- Supplied data -
____
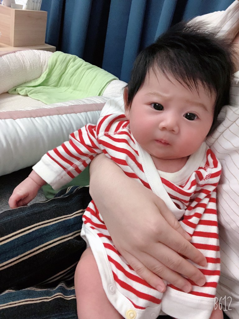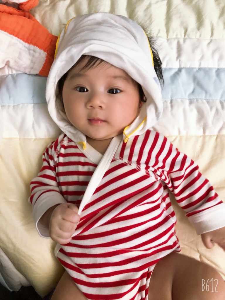中、右的照片則是蝴蝶衣,顧名思義就是像蝴蝶一樣,比起開襟的紗布衣長,可以包一點腿,但在腿部只設計幾顆扣子讓大人可以稍微扣起來,這種衣服也方便穿脫,有時候不小心吐奶還是大便溢出來換洗就很方便。Uniqlo就可以買到蝴蝶衣了。
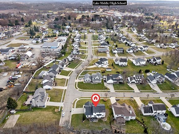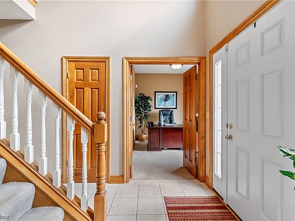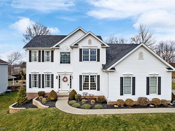 Awesome location for this amazing 4 bedroom, 2.5 bath colonial in the top rated Lake Local School District. Located in the Cornerstone Allotment close to schools, Hartville Kitchen, Hardware and Marketplace. This one has been well maintained by the original owners and shows better than the day it was built. Pay attention to detail as this one has many updates and custom upgrades like 9 ft ceilings on first floor, extra wide garage, oversized trim and solid doors to name a few. You will notice as soon as you walk in the tiled floor that leads to a huge 21x13 kitchen. Kitchen has an island, upgraded cabinets and new quartz countertops in 2021. 20x15 family room w/fireplace. First floor also offers a first floor office, living room, 1/2 bath and formal dining room w/trayed ceiling. Slider off kitchen leads to a stamped patio w/views of the private back yard w/waterfall. Upstairs offers master bedroom w/walk-in closet and full bath w/new corian countertops in 2021. Down the hall is another
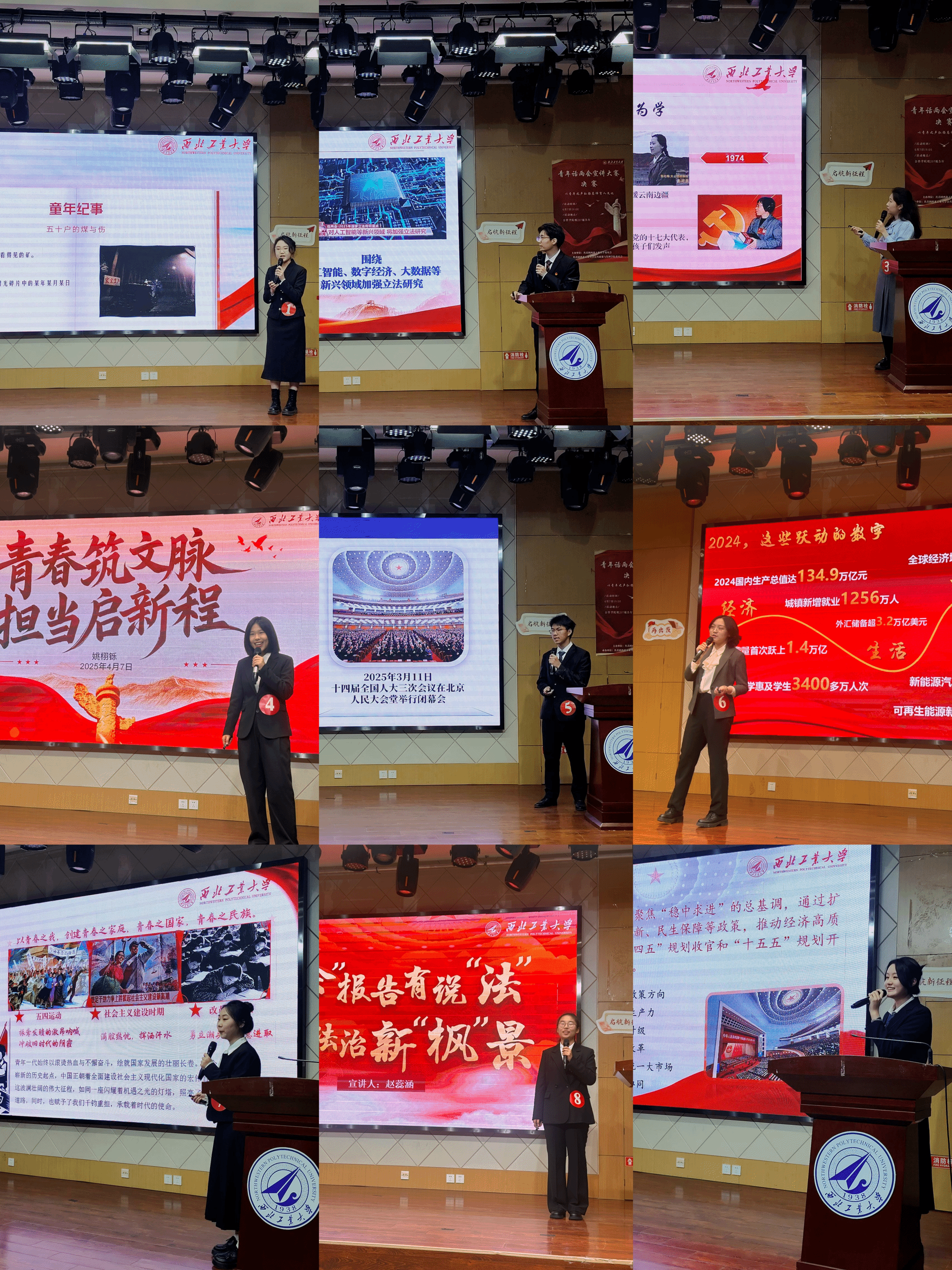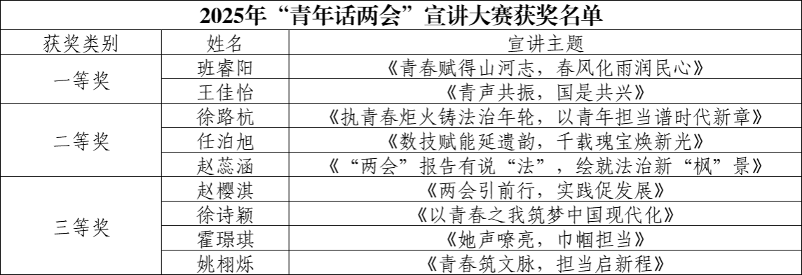 评委组从政策把握、逻辑架构、宣讲实效等维度综合评分,最终评选出一等奖2名、二等奖3名、三等奖4名。管兴华在总结讲话中指出,本次活动是落实“时代新人铸魂工程”的创新实践,充分肯定了参赛学子以青年视角解读政策要义、用创新表达传递两会声音的显著成效。勉励青年学子持续跟踪时政热点,心怀“国之大者”,在全局高度思考社会发展命题,将理论学习成果转化为服务国家战略的实践行动,为建设中国式现代化贡献青春智慧,听党话、跟党走,用青春书写时代华章!
____
- Task statement -
Write out the material above without changing a word, and skip any picture.

- Written reply -
中、右的照片則是蝴蝶衣,顧名思義就是像蝴蝶一樣,比起開襟的紗布衣長,可以包一點腿,但在腿部只設計幾顆扣子讓大人可以稍微扣起來,這種衣服也方便穿脫,有時候不小心吐奶還是大便溢出來換洗就很方便。Uniqlo就可以買到蝴蝶衣了。
 Awesome location for this amazing 4 bedroom, 2.5 bath colonial in the top rated Lake Local School District. Located in the Cornerstone Allotment close to schools, Hartville Kitchen, Hardware and Marketplace. This one has been well maintained by the original owners and shows better than the day it was built. Pay attention to detail as this one has many updates and custom upgrades like 9 ft ceilings on first floor, extra wide garage, oversized trim and solid doors to name a few. You will notice as soon as you walk in the tiled floor that leads to a huge 21x13 kitchen. Kitchen has an island, upgraded cabinets and new quartz countertops in 2021. 20x15 family room w/fireplace. First floor also offers a first floor office, living room, 1/2 bath and formal dining room w/trayed ceiling. Slider off kitchen leads to a stamped patio w/views of the private back yard w/waterfall. Upstairs offers master bedroom w/walk-in closet and full bath w/new corian countertops in 2021. Down the hall is another
 评委组从政策把握、逻辑架构、宣讲实效等维度综合评分,最终评选出一等奖2名、二等奖3名、三等奖4名。管兴华在总结讲话中指出,本次活动是落实“时代新人铸魂工程”的创新实践,充分肯定了参赛学子以青年视角解读政策要义、用创新表达传递两会声音的显著成效。勉励青年学子持续跟踪时政热点,心怀“国之大者”,在全局高度思考社会发展命题,将理论学习成果转化为服务国家战略的实践行动,为建设中国式现代化贡献青春智慧,听党话、跟党走,用青春书写时代华章!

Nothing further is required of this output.